What is being asked — Among the entries below, take the line with "El Secreto De" and the line with "ハートボタンのアクセントが光るニットカーディガン。 ラフに羽織るだけで、抜け感あるこなれスタイルが完成します。 【サイズ】", and output them and every line between them exactly, with nothing else.

Input material —
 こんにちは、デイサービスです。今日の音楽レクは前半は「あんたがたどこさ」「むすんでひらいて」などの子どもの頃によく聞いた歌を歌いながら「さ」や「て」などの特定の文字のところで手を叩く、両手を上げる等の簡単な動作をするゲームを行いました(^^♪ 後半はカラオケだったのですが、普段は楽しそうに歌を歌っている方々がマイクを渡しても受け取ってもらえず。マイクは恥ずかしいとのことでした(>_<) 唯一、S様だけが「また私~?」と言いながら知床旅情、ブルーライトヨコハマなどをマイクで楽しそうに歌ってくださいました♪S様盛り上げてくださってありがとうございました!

==

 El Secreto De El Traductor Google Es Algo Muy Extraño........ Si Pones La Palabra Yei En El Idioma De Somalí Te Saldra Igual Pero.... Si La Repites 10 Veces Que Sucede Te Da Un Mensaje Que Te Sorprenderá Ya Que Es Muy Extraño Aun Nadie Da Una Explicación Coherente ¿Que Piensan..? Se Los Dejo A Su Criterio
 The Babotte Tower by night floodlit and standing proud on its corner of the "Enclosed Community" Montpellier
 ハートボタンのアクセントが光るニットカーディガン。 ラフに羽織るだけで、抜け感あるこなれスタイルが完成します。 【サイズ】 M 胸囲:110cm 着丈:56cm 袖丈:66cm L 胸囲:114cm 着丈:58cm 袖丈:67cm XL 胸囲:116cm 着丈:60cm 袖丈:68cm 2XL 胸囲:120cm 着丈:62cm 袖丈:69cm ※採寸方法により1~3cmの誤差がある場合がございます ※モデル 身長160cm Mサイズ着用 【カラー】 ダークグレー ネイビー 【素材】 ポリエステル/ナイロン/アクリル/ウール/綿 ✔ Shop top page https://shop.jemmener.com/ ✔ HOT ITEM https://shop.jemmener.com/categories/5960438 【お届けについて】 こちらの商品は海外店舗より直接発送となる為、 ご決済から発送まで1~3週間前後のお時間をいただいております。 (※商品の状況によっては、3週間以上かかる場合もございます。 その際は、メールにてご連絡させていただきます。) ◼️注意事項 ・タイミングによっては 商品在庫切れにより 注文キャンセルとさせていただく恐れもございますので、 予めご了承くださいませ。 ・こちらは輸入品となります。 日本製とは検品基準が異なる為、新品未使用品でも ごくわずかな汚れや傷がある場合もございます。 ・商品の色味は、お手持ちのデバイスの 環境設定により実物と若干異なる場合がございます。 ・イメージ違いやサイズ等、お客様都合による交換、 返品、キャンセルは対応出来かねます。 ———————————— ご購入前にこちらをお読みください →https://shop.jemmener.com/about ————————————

...

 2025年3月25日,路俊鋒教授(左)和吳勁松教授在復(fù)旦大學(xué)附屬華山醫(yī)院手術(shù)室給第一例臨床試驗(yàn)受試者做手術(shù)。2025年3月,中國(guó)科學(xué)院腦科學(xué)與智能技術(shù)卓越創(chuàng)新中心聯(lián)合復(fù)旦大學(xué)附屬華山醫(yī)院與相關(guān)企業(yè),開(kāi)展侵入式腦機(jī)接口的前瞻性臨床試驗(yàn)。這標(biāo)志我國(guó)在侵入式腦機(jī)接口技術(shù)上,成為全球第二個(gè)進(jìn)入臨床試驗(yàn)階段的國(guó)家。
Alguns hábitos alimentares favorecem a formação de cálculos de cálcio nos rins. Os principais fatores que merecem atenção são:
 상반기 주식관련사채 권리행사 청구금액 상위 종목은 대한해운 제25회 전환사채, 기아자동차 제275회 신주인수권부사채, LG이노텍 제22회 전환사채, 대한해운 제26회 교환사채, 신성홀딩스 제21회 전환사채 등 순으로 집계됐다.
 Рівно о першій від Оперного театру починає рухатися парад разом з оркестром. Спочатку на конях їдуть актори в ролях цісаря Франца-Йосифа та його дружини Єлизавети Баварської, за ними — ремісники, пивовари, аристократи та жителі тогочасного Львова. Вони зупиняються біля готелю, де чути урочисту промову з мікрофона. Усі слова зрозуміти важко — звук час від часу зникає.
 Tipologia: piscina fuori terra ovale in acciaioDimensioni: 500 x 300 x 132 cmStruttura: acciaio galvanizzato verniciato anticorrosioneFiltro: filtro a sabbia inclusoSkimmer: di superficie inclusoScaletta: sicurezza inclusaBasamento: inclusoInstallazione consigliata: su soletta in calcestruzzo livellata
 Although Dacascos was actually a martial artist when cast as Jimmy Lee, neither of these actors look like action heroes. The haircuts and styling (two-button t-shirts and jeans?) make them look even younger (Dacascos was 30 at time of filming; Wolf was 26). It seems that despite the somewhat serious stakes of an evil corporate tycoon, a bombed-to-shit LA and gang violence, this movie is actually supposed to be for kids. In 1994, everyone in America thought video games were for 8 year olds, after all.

Written answer —
 El Secreto De El Traductor Google Es Algo Muy Extraño........ Si Pones La Palabra Yei En El Idioma De Somalí Te Saldra Igual Pero.... Si La Repites 10 Veces Que Sucede Te Da Un Mensaje Que Te Sorprenderá Ya Que Es Muy Extraño Aun Nadie Da Una Explicación Coherente ¿Que Piensan..? Se Los Dejo A Su Criterio
 The Babotte Tower by night floodlit and standing proud on its corner of the "Enclosed Community" Montpellier
 ハートボタンのアクセントが光るニットカーディガン。 ラフに羽織るだけで、抜け感あるこなれスタイルが完成します。 【サイズ】 M 胸囲:110cm 着丈:56cm 袖丈:66cm L 胸囲:114cm 着丈:58cm 袖丈:67cm XL 胸囲:116cm 着丈:60cm 袖丈:68cm 2XL 胸囲:120cm 着丈:62cm 袖丈:69cm ※採寸方法により1~3cmの誤差がある場合がございます ※モデル 身長160cm Mサイズ着用 【カラー】 ダークグレー ネイビー 【素材】 ポリエステル/ナイロン/アクリル/ウール/綿 ✔ Shop top page https://shop.jemmener.com/ ✔ HOT ITEM https://shop.jemmener.com/categories/5960438 【お届けについて】 こちらの商品は海外店舗より直接発送となる為、 ご決済から発送まで1~3週間前後のお時間をいただいております。 (※商品の状況によっては、3週間以上かかる場合もございます。 その際は、メールにてご連絡させていただきます。) ◼️注意事項 ・タイミングによっては 商品在庫切れにより 注文キャンセルとさせていただく恐れもございますので、 予めご了承くださいませ。 ・こちらは輸入品となります。 日本製とは検品基準が異なる為、新品未使用品でも ごくわずかな汚れや傷がある場合もございます。 ・商品の色味は、お手持ちのデバイスの 環境設定により実物と若干異なる場合がございます。 ・イメージ違いやサイズ等、お客様都合による交換、 返品、キャンセルは対応出来かねます。 ———————————— ご購入前にこちらをお読みください →https://shop.jemmener.com/about ————————————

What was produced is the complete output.